01. Data Loading & Exploration¶

Load the dataset and perform initial exploration. Understand the data structure and basic statistics.

Let me import the libraries I'll need for this density-based clustering analysis:

  • numpy for numerical operations
  • DBSCAN from sklearn.cluster
  • make_blobs for generating sample data
  • StandardScaler for data preprocessing
  • matplotlib for visualization

Remember to use %matplotlib inline to display plots

In [1]:
# Notice: For visualization of map, you need basemap package.
# if you dont have basemap install on your machine, you can use the following line to install it
# !conda install -c conda-forge  basemap matplotlib==3.1 -y
# Notice: you maight have to refresh your page and re-run the notebook after installation
In [2]:
import numpy as np 
from sklearn.cluster import DBSCAN 
from sklearn.datasets import make_blobs
from sklearn.preprocessing import StandardScaler 
import matplotlib.pyplot as plt 
%matplotlib inline
C:\Users\chysa\anaconda3\lib\site-packages\scipy\__init__.py:146: UserWarning: A NumPy version >=1.16.5 and <1.23.0 is required for this version of SciPy (detected version 1.23.3
  warnings.warn(f"A NumPy version >={np_minversion} and <{np_maxversion}"

Generating Sample Data¶

I'll create some sample data to experiment with DBSCAN. The function below generates clusters with specified characteristics so I can understand how the algorithm works.

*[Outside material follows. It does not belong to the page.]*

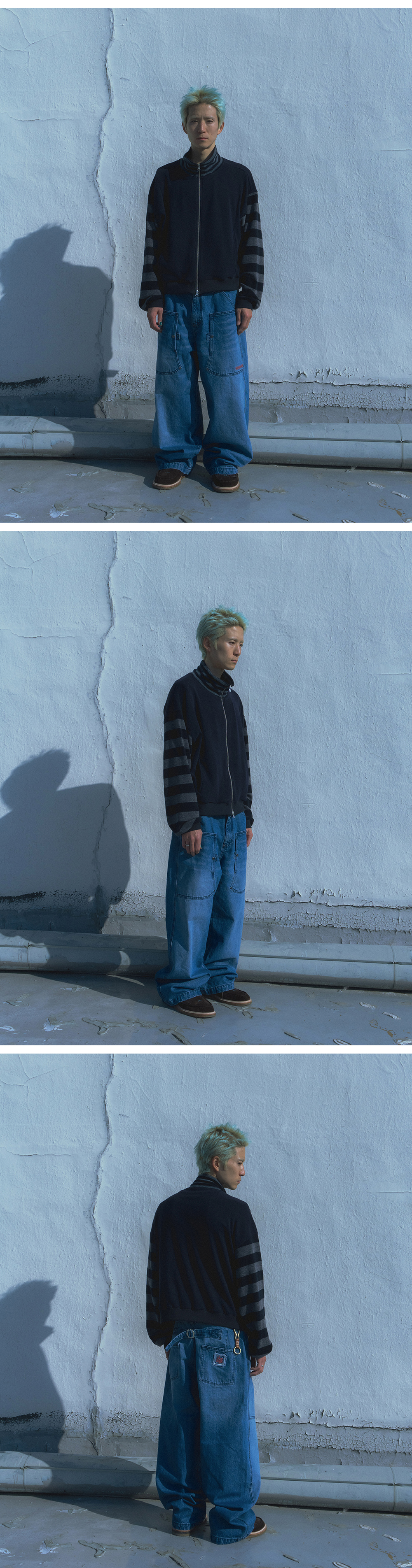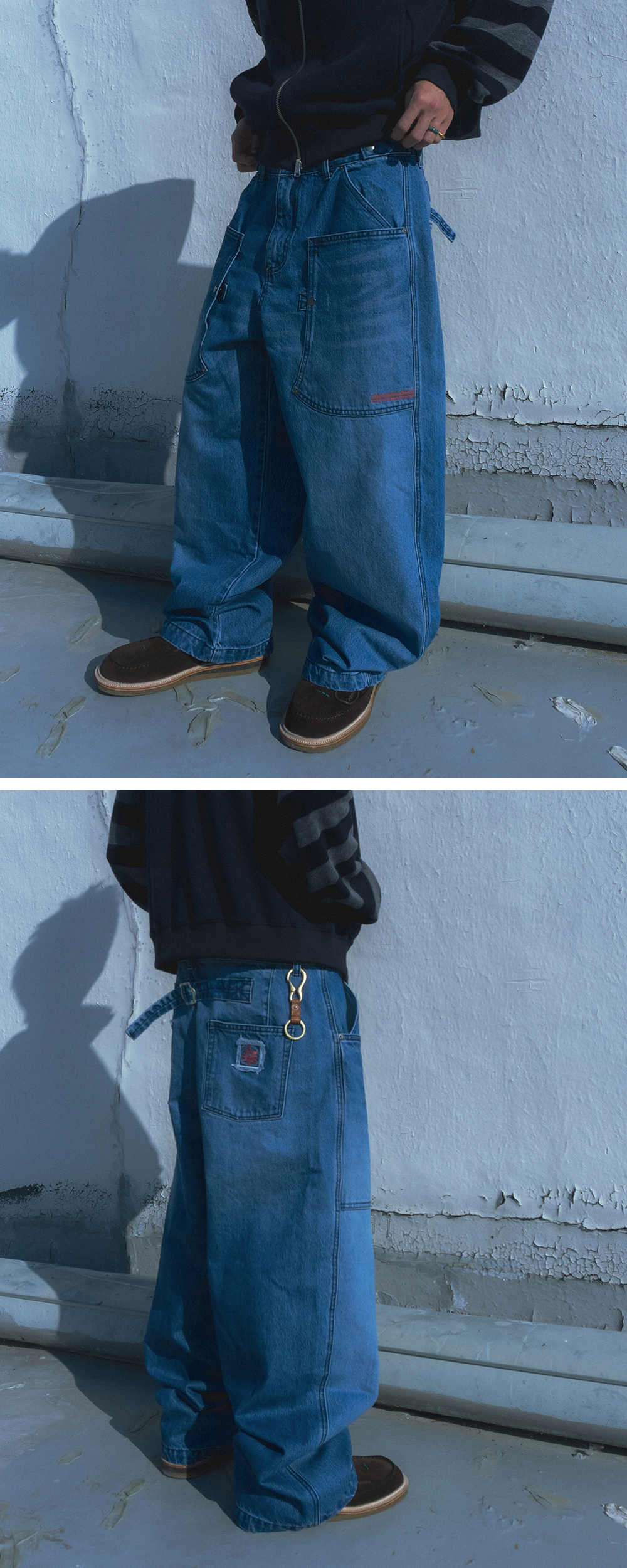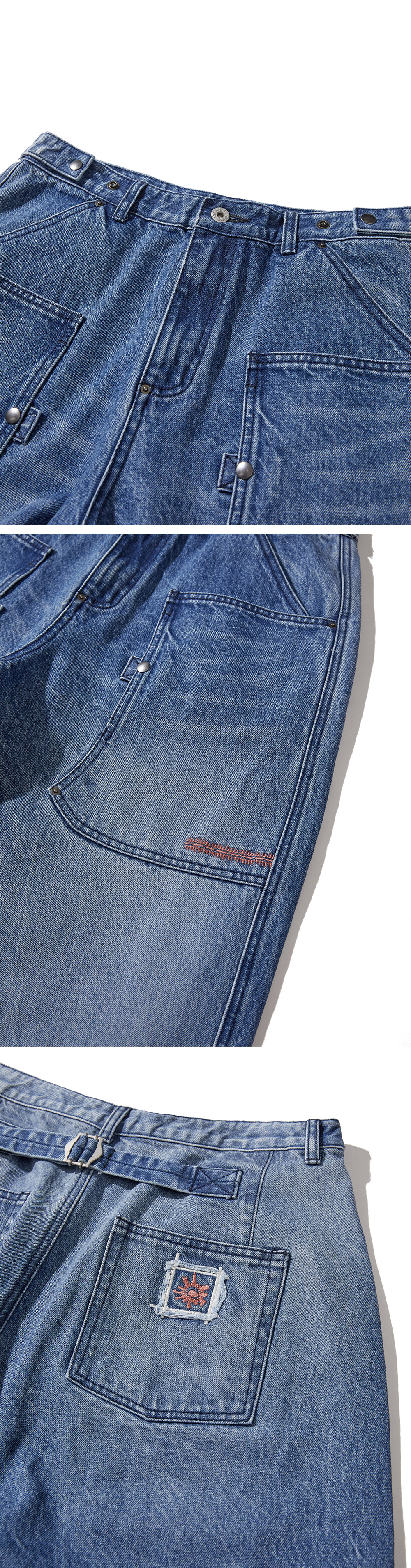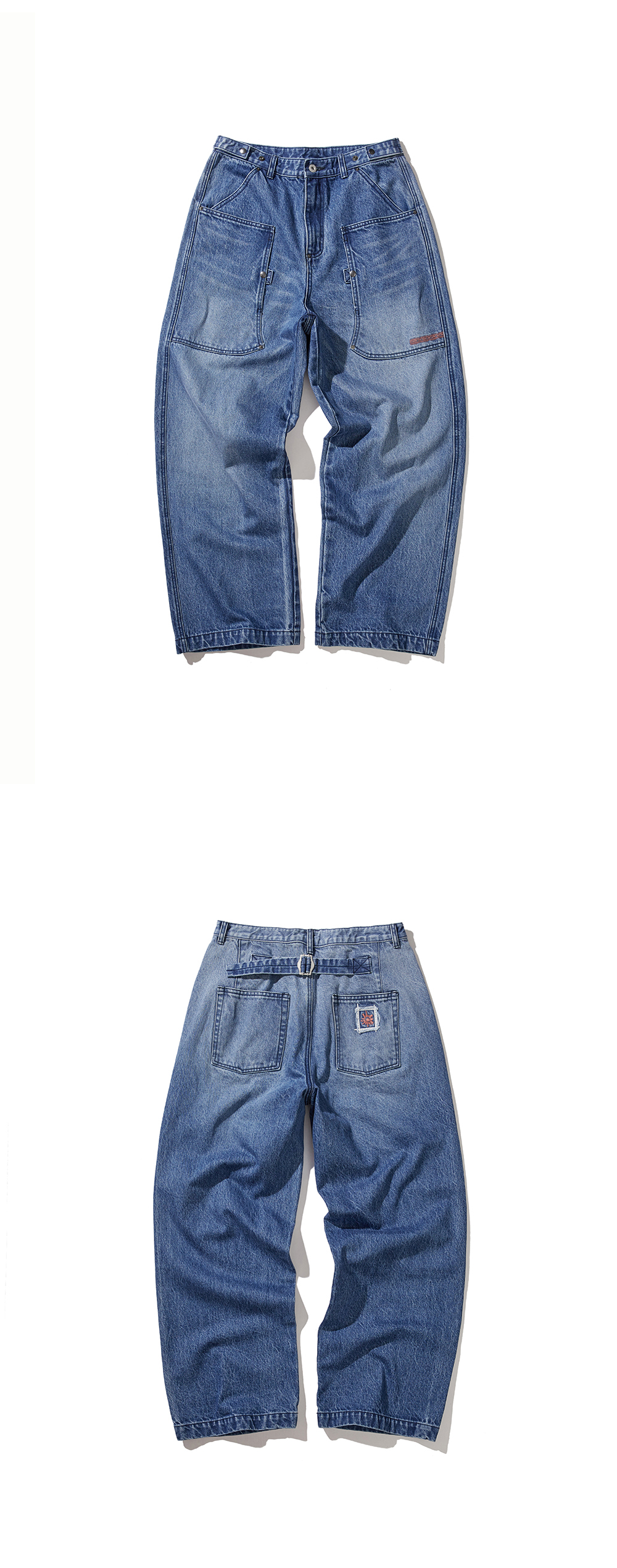 Product Info. - 고급 원사로 제직되어 탄탄한 밀도와 소프트한 착용감의 13.5oz 데님 원단 - 워크웨어에 기반하여 넉넉하게 떨어지는 실루엣의 와이드 핏 - 자연스러운 퍼커링과 페이딩 처리, 깊이 있는 컬러감의 워싱 가공 - 빈티지 워크 팬츠 디테일 요소와 카펜터 팬츠 곡선 형태를 믹스한 디자인 - 프론트 포켓 사이드 웨스턴 무드 패턴 자수 포인트 - 후면 포켓 빈티지 무드의 패치 자수 포인트 - 허리 사이즈 조절 가능한 벨트라인 양 사이드 버튼 어드저스터 - 후면 스트랩 어드저스터 디테일

The function requires these inputs:

  • centroidLocation: Coordinates of the centroids that will generate the random data.
    • Example: input: [[4,3], [2,-1], [-1,4]]
  • numSamples: The number of data points we want generated, split over the number of centroids (# of centroids defined in centroidLocation)
    • Example: 1500
  • clusterDeviation: The standard deviation between the clusters. The larger the number, the further the spacing.
    • Example: 0.5
In [3]:
def createDataPoints(centroidLocation, numSamples, clusterDeviation):
    # Create random data and store in feature matrix X and response vector y.
    X, y = make_blobs(n_samples=numSamples, centers=centroidLocation, 
                                cluster_std=clusterDeviation)
    
    # Standardize features by removing the mean and scaling to unit variance
    X = StandardScaler().fit_transform(X)
    return X, y

Now I'll generate sample data with 3 centroids to see how DBSCAN identifies clusters.

In [4]:
X, y = createDataPoints([[4,3], [2,-1], [-1,4]] , 1500, 0.5)

My DBSCAN Analysis¶

DBSCAN is fascinating because it doesn't require specifying the number of clusters beforehand. Instead, it finds dense regions based on two key parameters:

  • Epsilon (eps): The radius within which to search for neighbors
  • min_samples: The minimum number of points needed to form a dense region

I find this approach particularly useful for datasets with irregular cluster shapes or noise.

In [5]:
epsilon = 0.3
minimumSamples = 7
db = DBSCAN(eps=epsilon, min_samples=minimumSamples).fit(X)
labels = db.labels_
labels
Out[5]:
array([0, 1, 1, ..., 2, 2, 1], dtype=int64)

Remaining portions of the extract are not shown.